» **Data provided**:
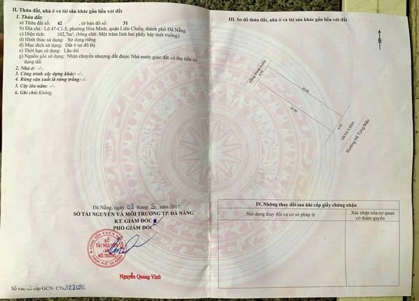 102m²Bán đất mặt tiền Hồ Tùng Mậu- Phường hoà minh- Đà nẵng .
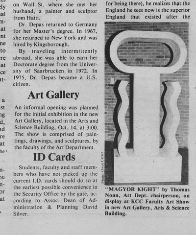 The Arts and Sciences Building is completed, providing a functioning Art Department, including studios and a large exhibition space, soon known as The Art Gallery of Kingsborough Community College. The inaugural exhibition, a faculty show, opened informally on October 14, 1976.
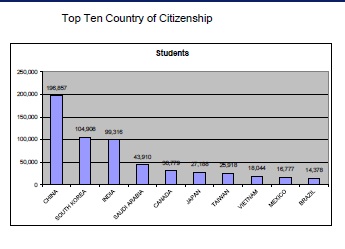 This quarterly report (PDF) is a statistical breakdown of the system’s performance and trends in foreign student representation in U.S. academic and exchange programs. On 31 December 2011, SEVIS (Student and Exchange Visitor Information System) contained records for 1,158,059 active nonimmigrant students, exchange visitors, and their dependents. The total number of records for all F-1, M-1, and J-1 visa holders has increased to approximately 9.2 million. There are 39,109 international students enrolled in secondary school, including a growing number from Vietnam.
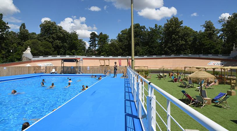 Afin de compléter son offre balnéaire estivale, la Ville de Lyon a installé une piscine éphémère au cœur du parc de la Tête d’Or. Une vraie piscine, la plage en plus. L’effet est détonant.

» **Work order**:
The whole listing above is to be printed again exactly; pictures stay out of it.

» **Task response**:
 102m²Bán đất mặt tiền Hồ Tùng Mậu- Phường hoà minh- Đà nẵng .
 The Arts and Sciences Building is completed, providing a functioning Art Department, including studios and a large exhibition space, soon known as The Art Gallery of Kingsborough Community College. The inaugural exhibition, a faculty show, opened informally on October 14, 1976.
 This quarterly report (PDF) is a statistical breakdown of the system’s performance and trends in foreign student representation in U.S. academic and exchange programs. On 31 December 2011, SEVIS (Student and Exchange Visitor Information System) contained records for 1,158,059 active nonimmigrant students, exchange visitors, and their dependents. The total number of records for all F-1, M-1, and J-1 visa holders has increased to approximately 9.2 million. There are 39,109 international students enrolled in secondary school, including a growing number from Vietnam.
 Afin de compléter son offre balnéaire estivale, la Ville de Lyon a installé une piscine éphémère au cœur du parc de la Tête d’Or. Une vraie piscine, la plage en plus. L’effet est détonant.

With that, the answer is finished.